PROBLEM: Your output should be an exact copy of the records, with no pictures in it.

DATA EXCERPTS:
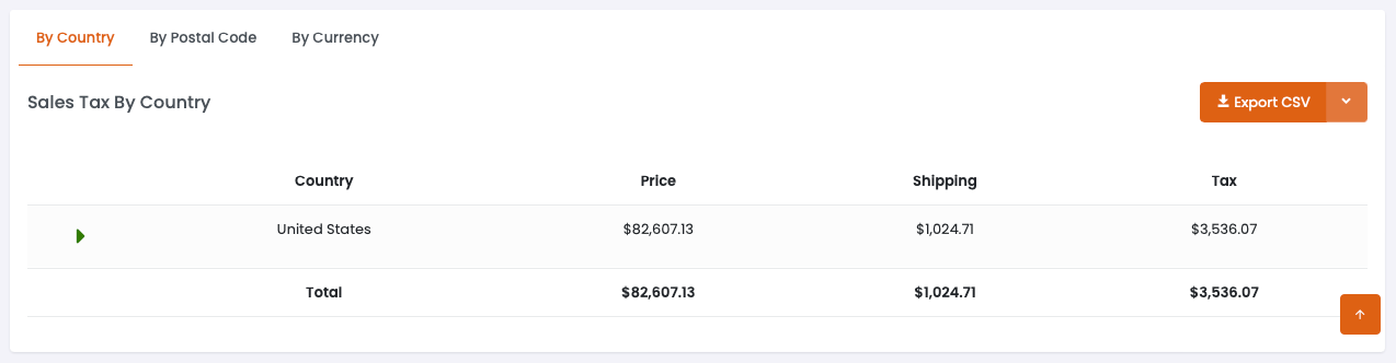 The data table can be viewed **By Country,** **By Postal Code**, or **By Currency**.
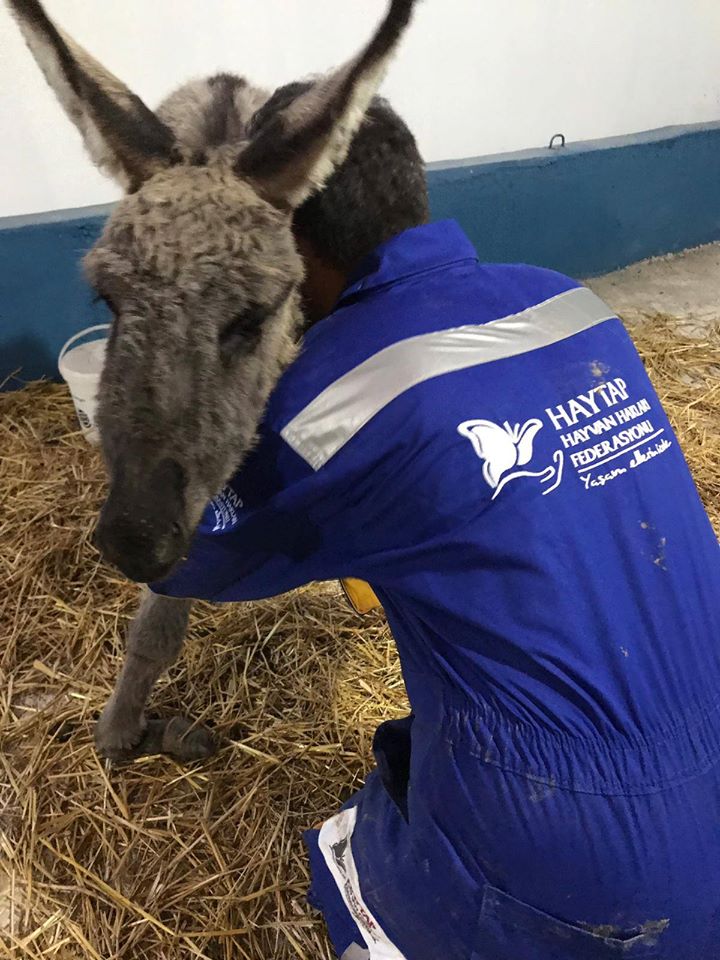 Doğuştan ayak tırnaklarında problem olan, ön ayaklarını düz basamayan Sevgi Eşek'in tecavüze uğradığı da anlaşılınca, korunmak üzere Haytap Emekli Hayvanlar Çiftliğimize getirildi.
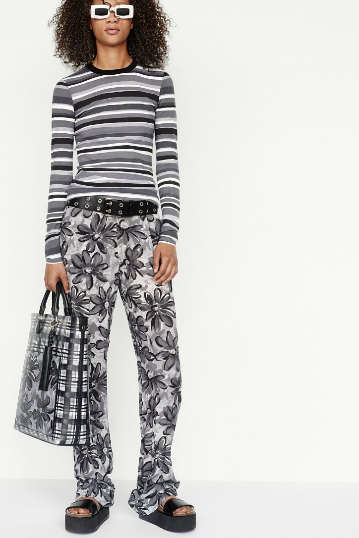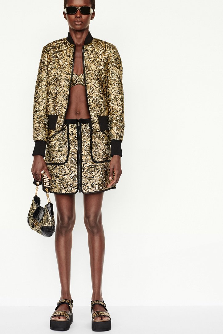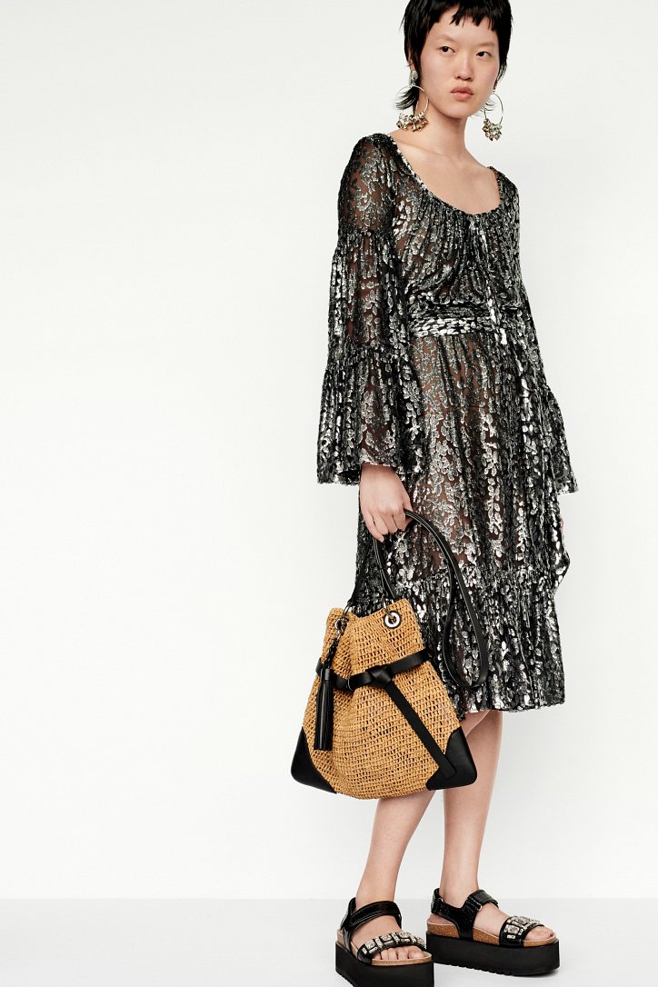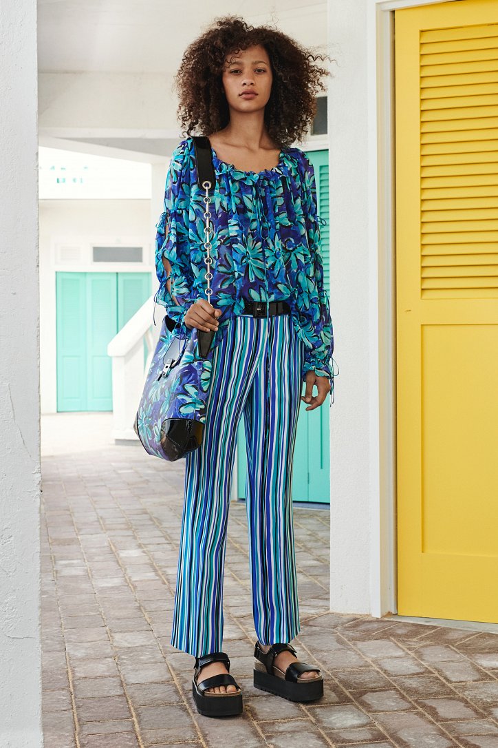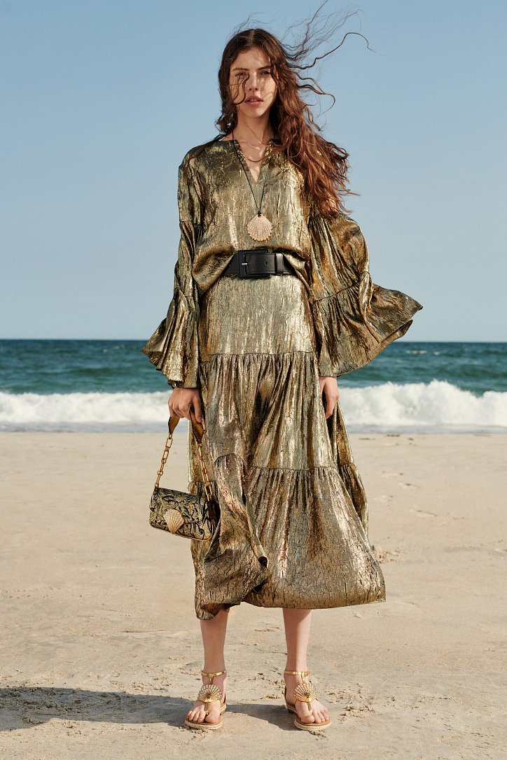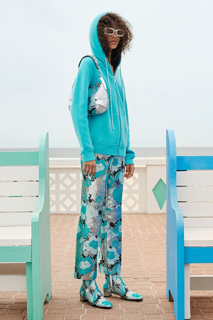 Мягкий кашемир и платья из парчи, летящие сарафаны и платья в клеточку, яркая полоска и тропические принты, соломка и перфорированная кожа, сандалии на плоской пробковой подошве и большие сумки-тоуты, спортивные костюмы из сетки и ажурные платья, связанные крючком, яркие толстовки, укороченные брюки, легкие свободные блузы и мини-платья, полностью расшитые пайетками – дизайнер умело «модернизировал» ретро, добавил к нему спорт-шика и новомодных трендов. Гламур шестидесятых оказался очень актуален в этой новой интерпретации!
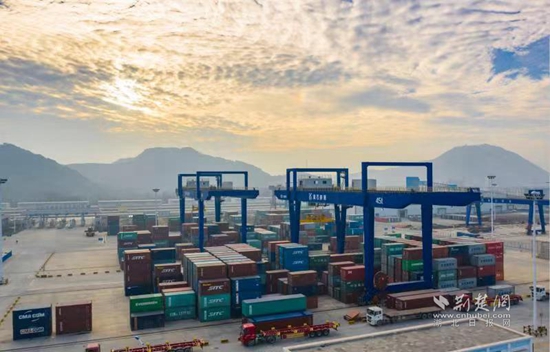 每天,大量的集裝箱從港口進出,是富池鎮(zhèn)經(jīng)濟發(fā)展的“晴雨表”。 通訊員 黃玉 供圖
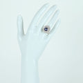 スリランカ産2.69ctの非加熱サファイアは、よく見ると内包物が確認できるものの、深いブルーカラーで、テリのある石です。リング部分が石座に対して斜めに取り付けられていて、より指に沿わせて着けることができます。
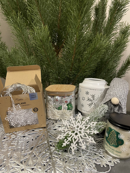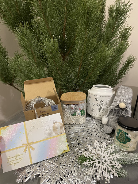 І купа подарунків, що гріють серце та створюють різдвяний настрій: гірлянда зі сніжинками ( суперська від USB), свічник, ароматна велика свічка у склі, чарівний гном, запашне мило- сніжинка, неймовірні підтарільники( теж сніжинки) та головна радість дітей - банка з шоколадними різдвяними кульками! І все в одному стилі та кольорі. Це мій перший Таємний Санта і він неймовірно мені догодив))).
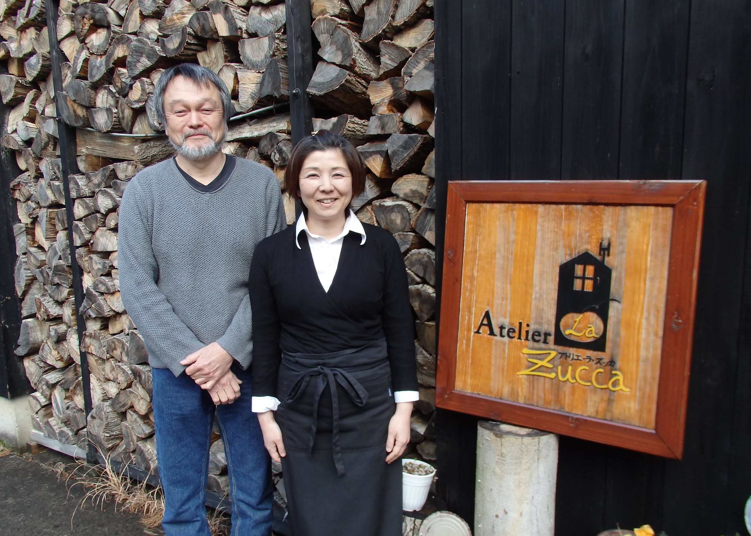 鼎さん夫婦は豊かな自然に魅せられて平成11年、大阪市から丹生町に移り住んだ。その2年後、大阪市内でイタリア料理店を開店、当初は丹生町から通っていたが3年前、その店は家族にまかせ、丹生町で新たに「アトリエ・ラ・ズッカ」(ズッカはイタリア語でカボチャの意味)をオープンさせた。
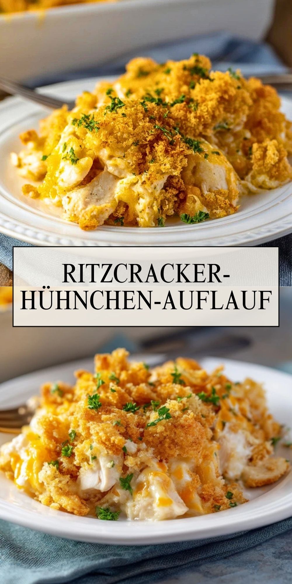 Cremiger Ritzcracker-Hühnchen-Auflauf mit zartem Hähnchen, buttriger Knusperkruste und würzigem Käse. Perfekt für Familienabende und einfach vorzubereiten!

EXERCISE OUTPUT:
 The data table can be viewed **By Country,** **By Postal Code**, or **By Currency**.
 Doğuştan ayak tırnaklarında problem olan, ön ayaklarını düz basamayan Sevgi Eşek'in tecavüze uğradığı da anlaşılınca, korunmak üzere Haytap Emekli Hayvanlar Çiftliğimize getirildi.
 Мягкий кашемир и платья из парчи, летящие сарафаны и платья в клеточку, яркая полоска и тропические принты, соломка и перфорированная кожа, сандалии на плоской пробковой подошве и большие сумки-тоуты, спортивные костюмы из сетки и ажурные платья, связанные крючком, яркие толстовки, укороченные брюки, легкие свободные блузы и мини-платья, полностью расшитые пайетками – дизайнер умело «модернизировал» ретро, добавил к нему спорт-шика и новомодных трендов. Гламур шестидесятых оказался очень актуален в этой новой интерпретации!
 每天,大量的集裝箱從港口進出,是富池鎮(zhèn)經(jīng)濟發(fā)展的“晴雨表”。 通訊員 黃玉 供圖
 スリランカ産2.69ctの非加熱サファイアは、よく見ると内包物が確認できるものの、深いブルーカラーで、テリのある石です。リング部分が石座に対して斜めに取り付けられていて、より指に沿わせて着けることができます。
 І купа подарунків, що гріють серце та створюють різдвяний настрій: гірлянда зі сніжинками ( суперська від USB), свічник, ароматна велика свічка у склі, чарівний гном, запашне мило- сніжинка, неймовірні підтарільники( теж сніжинки) та головна радість дітей - банка з шоколадними різдвяними кульками! І все в одному стилі та кольорі. Це мій перший Таємний Санта і він неймовірно мені догодив))).
 鼎さん夫婦は豊かな自然に魅せられて平成11年、大阪市から丹生町に移り住んだ。その2年後、大阪市内でイタリア料理店を開店、当初は丹生町から通っていたが3年前、その店は家族にまかせ、丹生町で新たに「アトリエ・ラ・ズッカ」(ズッカはイタリア語でカボチャの意味)をオープンさせた。
 Cremiger Ritzcracker-Hühnchen-Auflauf mit zartem Hähnchen, buttriger Knusperkruste und würzigem Käse. Perfekt für Familienabende und einfach vorzubereiten!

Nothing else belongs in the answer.